### YOUR GOAL:
Word for word, return each entry that follows, with every image removed.

--

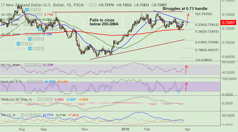 - NZD/USD struggles to extend gains above 0.73 handle, breakout to see further upside.
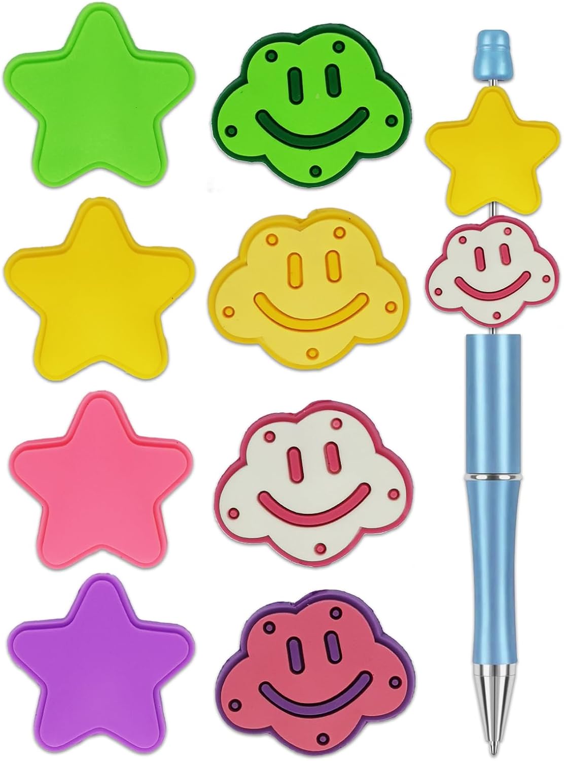 8Pcs Silicone Focal Beads for Pens – Premium Soft, Durable Beads for Custom Pen Making, DIY Craft Projects, and Personalization – Assorted Colors and Designs (Star & Cloud)
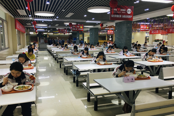 11:45,学生到教学楼外的空地整队集合,在老师带领下排队前往第二餐厅。据了解,第二餐厅特别准备了附中学生专门窗口和专用就餐楼层,并规划好学生用餐路线。学生排队取餐,并保持“一米线”等候。就餐时在贴好名字的桌子上用餐,一人一桌,同一方向。
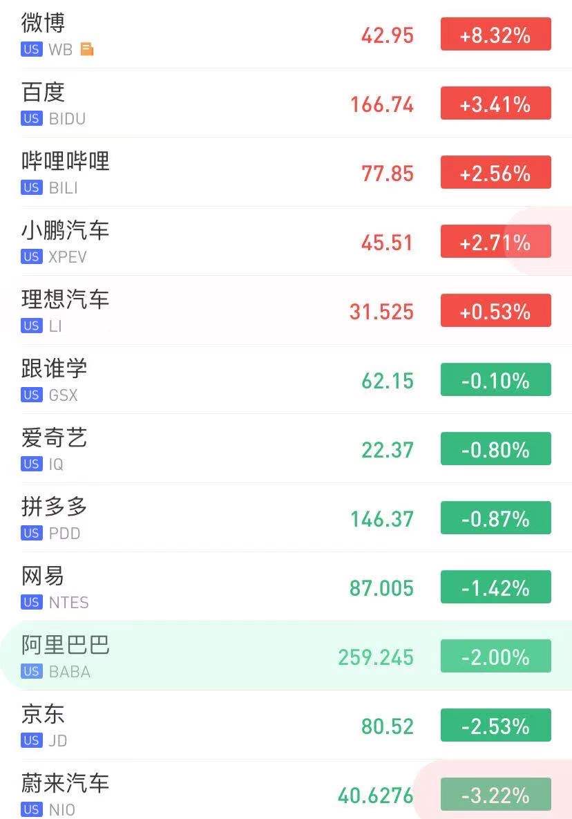 华盛资讯12月14日讯,中概股开盘涨跌不一。截止发稿,微博大涨超8%,百度涨超3%,哔哩哔哩、小鹏涨超2.5%。此外,蔚来跌超3%,阿里、京东均跌超2%。
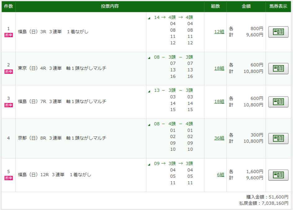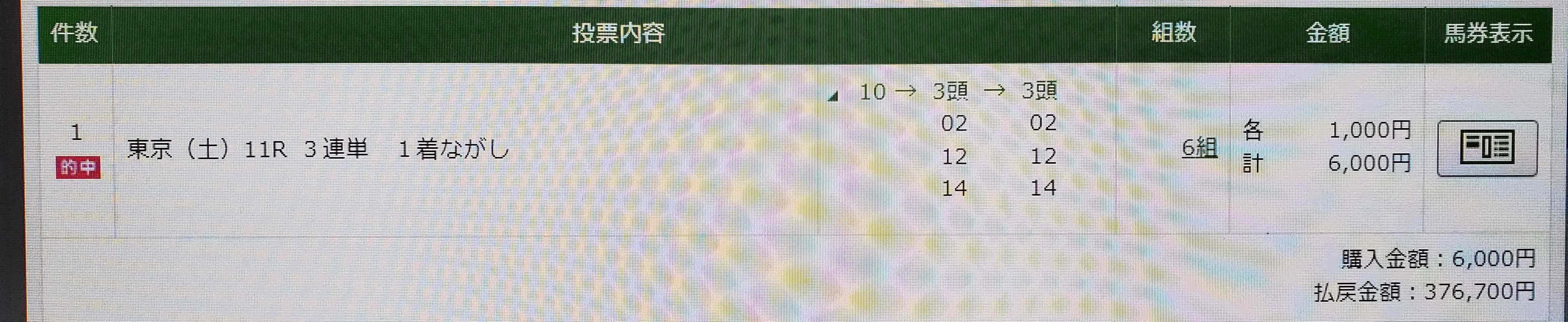 1点500円で馬券買っていたから一撃18万4800円獲得、地味に荒れたから的中嬉しすぎます。

--

### YOUR SOLUTION:
 - NZD/USD struggles to extend gains above 0.73 handle, breakout to see further upside.
 8Pcs Silicone Focal Beads for Pens – Premium Soft, Durable Beads for Custom Pen Making, DIY Craft Projects, and Personalization – Assorted Colors and Designs (Star & Cloud)
 11:45,学生到教学楼外的空地整队集合,在老师带领下排队前往第二餐厅。据了解,第二餐厅特别准备了附中学生专门窗口和专用就餐楼层,并规划好学生用餐路线。学生排队取餐,并保持“一米线”等候。就餐时在贴好名字的桌子上用餐,一人一桌,同一方向。
 华盛资讯12月14日讯,中概股开盘涨跌不一。截止发稿,微博大涨超8%,百度涨超3%,哔哩哔哩、小鹏涨超2.5%。此外,蔚来跌超3%,阿里、京东均跌超2%。
 1点500円で馬券買っていたから一撃18万4800円獲得、地味に荒れたから的中嬉しすぎます。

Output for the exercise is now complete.